You can also write your own data source connector with Amazon Athena Query Federation SDK. An example connector is available at bit.ly/2YEm0og. The Amazon Athena Query Federation SDK includes the following key features:

  • S3 spill
  • Partition Pruning
  • Parallel Scans
  • Portable columnar memory format (Apache Arrow)
  • Authorization
  • Congestion control/avoidance

Amazon Athena Custom UDFs

Amazon Athena now adds the ability to build custom user-defined functions (UDFs), which provide the ability to pre- or post-process the data, provide access controls, and add custom logic during data access. You can invoke UDFs in the select or filter phase of an Amazon Athena query. Amazon Athena custom UDFs provide the following features:

  • UDFs are powered by AWS Lambda.
  • UDFs support network calls.
  • UDF invocation can be used in the select and/or filter phase of the query.
  • Athena optimizes performance, thus allowing you to focus on the business logic.

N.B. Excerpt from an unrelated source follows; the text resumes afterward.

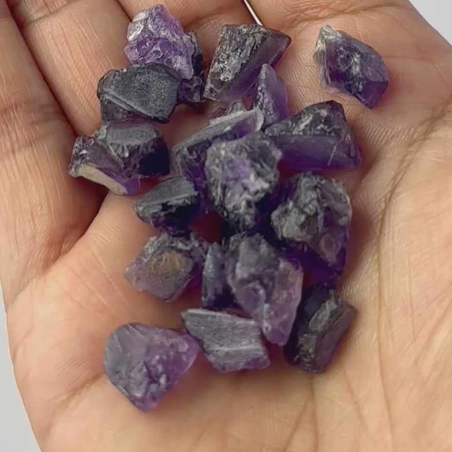 Rich purple Amethyst rough pieces showcase bold colour and organic texture, perfect for expressive jewellery designs and creative artisan projects.

Using Machine Learning with Amazon Athena

Amazon Athena allows you to invoke ML models for inference directly from SQL queries. You can use ML with your SQL analysis for anomaly detection, customer cohort analysis, and sales prediction from your standard analytical queries. The models available on SageMaker can be used for inference, and no additional setup is needed to invoke the models. Combining the federated query with ML makes Athena a very powerful asset in your analytical ecosystem. A typical workflow might have a data scientist using Amazon Athena federated query to select data from multiple data sources to understand the patterns and then perform data transformation using other tools or Athena UDFs before using this curated dataset to train a model on SageMaker and deploy it. Once the model is available on SageMaker, any user having access can use it for ML inference. Please follow the blog to get some hands-on experience with using Amazon Athena in your ML pipeline (amzn.to/2YBsc02). The following code snippet shows a sample query to invoke inference from Amazon Athena:

USING FUNCTION predict
 (platform int,
 genre int,
 critic_score int,
 user_score int,
 rating int)
 returns double TYPE_SAGEMAKER_INVOKE_ENDPOINT WITH
(Sagemaker_endpoint='myxgboostendpoint')

USING FUNCTION normalize_genre(value VARCHAR)
 returns int TYPE LAMBDA_INVOKE WITH (lambda_name='myLambdaFunction')

SELECT predict(platform,genre,critic_score, user_score,rating), name
FROM
 (SELECT name,
 normalize_genre(genre) as genre,
 critic_score,
 user_score
 FROM video_game_data.video_games);

Amazon Athena is a very powerful tool, used for ad hoc analysis, and with the new features on federated query and ML integration, it can be a very valuable tool for any data scientist.